Fresh Blood

ABRAHAM LINCOLN: VAMPIRE HUNTER isn’t a great movie, and it isn’t going to win any Oscars. Maybe by writing that sentence I’ve kicked in the cosmic door of universal contrariness, and it’ll walk away with seven or eight awards of various levels of distinction, but awards are a crapshoot anyway (in the sense that a crapshoot is a bunch of people who know each other, giving each other a chance to win things from one another). Or it could do surprisingly well in DVD and Blu-ray sales. Either result would potentially serve as a healthy shot in the arm to summer blockbuster fare, because AL: VH is the first cinematic version of a mash-up book, a pidgin genre spawned by reworking classic literature or history with elements of horror and science fiction.

Jane Austen may have good reason to turn in her grave. The first of the so-called mashup novels to get on the New York Times Bestseller list was Pride & Prejudice & Zombies, co-authored by Seth Grahame-Smith and Austen (Nick Mamatas’ far more subtle Move Under Ground, described as Kerouac Vs Cthulhu, did not garner nearly the same level of attention outside established sci-fi circles of readership). Co-authored in this instance meant Grahame-Smith took Austen’s text and rewrote portions of it to make the Bennett sisters, historically in want of husbands, now in want of freedom from a nationwide plague of the undead. Husbands became a somewhat less pressing matter.

Pride & Prejudice & Zombies was quickly followed by other macabre or fantastical takes on classics, such as Sense & Sensibility & Sea Monsters, Android Karenina, and Jane Slayre. A crop of alternate histories sprang up alongside the mash-up texts, with such volumes as Queen Victoria: Demon Hunter, and Abraham Lincoln: Vampire Hunter, in which Grahame-Smith and other authors imposed supernatural challenges on historical figures.

… classic literature can afford a turn around the parlor in more macabre fancy-dress without losing its credibility.

While the film of Pride & Prejudice & Zombies languishes in Hollywood limbo, producers and directors perpetually attaching to and detaching from the project, Abraham Lincoln: Vampire Hunter made it to the big screen this summer with comparative ease. Rotten Tomatoes aggregates critical reviews of the 16th US President’s personal quest to rid the nation of bloodsucking menaces at rather less than 50% positive, and audience reactions at a bit more than that. The charm of an alternate history is skillful patchwork. What you learn, the new elements of the story, must sew neatly into the patterns of history as we know it. AL: VH makes a stab at this, weaving the interests of a vampiric population into the events of the American Civil War, but as I said before, the execution leaves something to be desired. An element of tongue-in-cheek doesn’t need to render a film incoherent.
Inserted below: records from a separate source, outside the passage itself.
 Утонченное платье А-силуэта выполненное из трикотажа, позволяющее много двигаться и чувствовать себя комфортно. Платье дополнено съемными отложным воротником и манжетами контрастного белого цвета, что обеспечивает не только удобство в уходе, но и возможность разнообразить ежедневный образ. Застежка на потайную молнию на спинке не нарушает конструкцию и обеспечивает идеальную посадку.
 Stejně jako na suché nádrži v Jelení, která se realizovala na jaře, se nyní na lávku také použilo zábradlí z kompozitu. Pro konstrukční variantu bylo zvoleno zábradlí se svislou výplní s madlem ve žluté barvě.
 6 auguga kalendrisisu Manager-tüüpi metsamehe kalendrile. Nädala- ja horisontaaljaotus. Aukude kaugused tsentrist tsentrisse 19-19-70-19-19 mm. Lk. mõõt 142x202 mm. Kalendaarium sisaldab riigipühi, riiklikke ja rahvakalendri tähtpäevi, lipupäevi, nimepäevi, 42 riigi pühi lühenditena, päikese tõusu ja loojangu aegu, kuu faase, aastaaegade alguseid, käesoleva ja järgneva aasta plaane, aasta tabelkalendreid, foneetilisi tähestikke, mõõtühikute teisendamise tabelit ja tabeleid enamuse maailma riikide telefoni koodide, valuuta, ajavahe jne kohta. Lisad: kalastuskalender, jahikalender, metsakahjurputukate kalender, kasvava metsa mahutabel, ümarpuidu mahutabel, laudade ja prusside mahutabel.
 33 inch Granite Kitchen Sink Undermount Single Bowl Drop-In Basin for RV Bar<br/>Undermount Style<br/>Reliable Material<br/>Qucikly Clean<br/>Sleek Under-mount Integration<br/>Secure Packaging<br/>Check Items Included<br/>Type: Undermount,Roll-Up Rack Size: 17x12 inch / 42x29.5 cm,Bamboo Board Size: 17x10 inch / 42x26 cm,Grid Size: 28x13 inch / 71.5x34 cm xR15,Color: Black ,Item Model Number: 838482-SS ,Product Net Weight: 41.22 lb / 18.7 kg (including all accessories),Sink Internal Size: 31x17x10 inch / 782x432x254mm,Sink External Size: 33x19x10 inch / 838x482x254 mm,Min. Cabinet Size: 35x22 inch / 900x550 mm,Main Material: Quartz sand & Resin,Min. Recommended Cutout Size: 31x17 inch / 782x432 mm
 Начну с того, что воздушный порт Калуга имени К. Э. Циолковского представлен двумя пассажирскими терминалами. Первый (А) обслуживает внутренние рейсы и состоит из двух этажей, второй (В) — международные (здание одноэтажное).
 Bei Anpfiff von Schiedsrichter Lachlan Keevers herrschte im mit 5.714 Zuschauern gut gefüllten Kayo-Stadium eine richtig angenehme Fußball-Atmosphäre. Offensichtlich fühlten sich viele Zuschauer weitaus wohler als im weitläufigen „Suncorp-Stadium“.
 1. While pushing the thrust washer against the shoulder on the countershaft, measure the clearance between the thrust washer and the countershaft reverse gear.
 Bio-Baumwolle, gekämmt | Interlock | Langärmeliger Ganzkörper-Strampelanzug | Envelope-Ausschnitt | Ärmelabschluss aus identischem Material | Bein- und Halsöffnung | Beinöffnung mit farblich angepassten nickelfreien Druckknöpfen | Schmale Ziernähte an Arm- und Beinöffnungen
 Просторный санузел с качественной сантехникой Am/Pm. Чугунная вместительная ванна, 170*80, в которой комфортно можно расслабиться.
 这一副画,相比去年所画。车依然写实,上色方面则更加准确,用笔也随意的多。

Every year, inadequate writing and plotting is excused in big summer movies on the grounds that a story with explosions or robots or ghosts is just good fun. Good fun needn’t subject itself to critical scrutiny, instead being somehow allowed to limp across the finish line held together by the narrative equivalent of spirit gum. This same argument, however, reverses to keep exploding robot ghost stories in their literary place: well outside canonical acceptance, forever banned to the corner of the unlikely (while people who simply don’t like exploding robot ghosts conveniently overlook fantastic elements in classic fiction). Fantastical stories are outside our realm of experience and therefore don’t need to hold together becomes fantastical stories can’t hold together, which isn’t true.

Hollywood does love high concept, and mash-up novels are nearly the definition of high-concept, already so firmly rooted in cultural consciousness on both sides of the genre divide. The summer genre blockbuster can use the punch-up from classic literature, and classic literature can afford a turn around the parlor in more macabre fancy-dress without losing its credibility. Every few years another cinematic go-round of Austen, the Brontes, or similar hits theaters. Why shouldn’t there also be zombies? Why shouldn’t an iconic historical figure hunt vampires, or the most popular literary heroine of all time serve a little kick-ass with her tea?